We have a variety of diagnostic tools to identify patients at risk for dry eye disease and multiple treatment options to intervene early, potentially delaying later, more debilitating disease stages. Just as a comprehensive eye exam includes glaucoma screening on every patient, I also look for dry eye disease. Patients complete a survey, such as the Standardized Patient Evaluation of Eye Dryness questionnaire, which helps to quickly determine if dry eye is something to look for.

In the majority of patients for whom we diagnose dry eye, we begin with over-the-counter artificial tears, which may induce temporary relief, but why stop at mere relief when we can offer patients a solution that works at the cellular level to control inflammation?

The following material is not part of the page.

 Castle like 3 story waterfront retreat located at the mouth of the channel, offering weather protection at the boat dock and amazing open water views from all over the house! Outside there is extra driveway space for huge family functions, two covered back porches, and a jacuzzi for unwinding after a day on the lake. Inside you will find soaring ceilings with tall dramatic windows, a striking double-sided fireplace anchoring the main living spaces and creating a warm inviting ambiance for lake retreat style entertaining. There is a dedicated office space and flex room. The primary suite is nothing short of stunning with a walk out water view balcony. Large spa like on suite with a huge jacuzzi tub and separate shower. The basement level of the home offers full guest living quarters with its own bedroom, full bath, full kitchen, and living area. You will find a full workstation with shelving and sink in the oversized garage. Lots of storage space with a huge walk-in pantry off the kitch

Clinical evidence supports the efficacy of gamma-linolenic acid (GLA) and other omega fats in blocking the formation of pro-inflammatory prostaglandins (Barham et al.) while stimulating production of the anti-inflammatory kind. An oral nutraceutical, such as HydroEye (ScienceBased Health), can help the body reduce inflammation, an underlying problem in nearly all dry eye disease (Stevenson et al.). Extensive study demonstrates that certain fatty acids convert to anti-inflammatory prostaglandins (PGE1 and PGE3). This includes GLA from the omega-6 family and eicosapentaenoic (EPA), docosahexaenoic (DHA) and alphalinolenic (ALA) acids of the omega-3 family (Sheppard et al.). Supplementation with these omegas has been demonstrated to improve ocular irritation symptoms, maintain corneal surface smoothness and inhibit conjunctival dendritic cell maturation.

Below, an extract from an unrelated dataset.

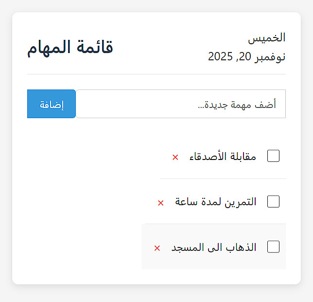 حفظ المهام بالاعتماد على Local Storage.

With the current high level of awareness about diet and nutrition, patients are generally accepting that they may lack key nutrients necessary to maintain eye health. Correct diagnosis will guide the best course of treatment for the individual patient. For patients who do not get adequate relief from nutraceuticals and artificial tears, I will recommend detailed testing of the ocular surface including the cornea, conjunctiva, lacrimal and meibomian glands.

We can safely diagnose dry eye with equipment that every optometry practice has: slit lamp, fluorescein strips and lissamine green strips. Including a dry eye questionnaire in your evaluation can help provide an objective measure of their symptoms at baseline and moving forward. We can level up our diagnostics with noninvasive technology for measuring tear breakup and tear osmolarity tests.

Meibomian gland disease (MGD) is another common cause of dry eye disease. If your practice does not have access to meibography, you may need to refer your patient to someone who can rule MGD out or who has the ability to physically remove blockages.


Barham JB, et al. J Nutr. 200;doi:10.1093/jn/130.8.1925 130: 1925-31.

Sheppard JD, et al. Cornea. 2013;doi:10.1097/ICO.0b013e318299549c.

Stevenson W, et al. Arch Ophthalmol. 2012;doi:10.1001/archophthalmol.2011.364.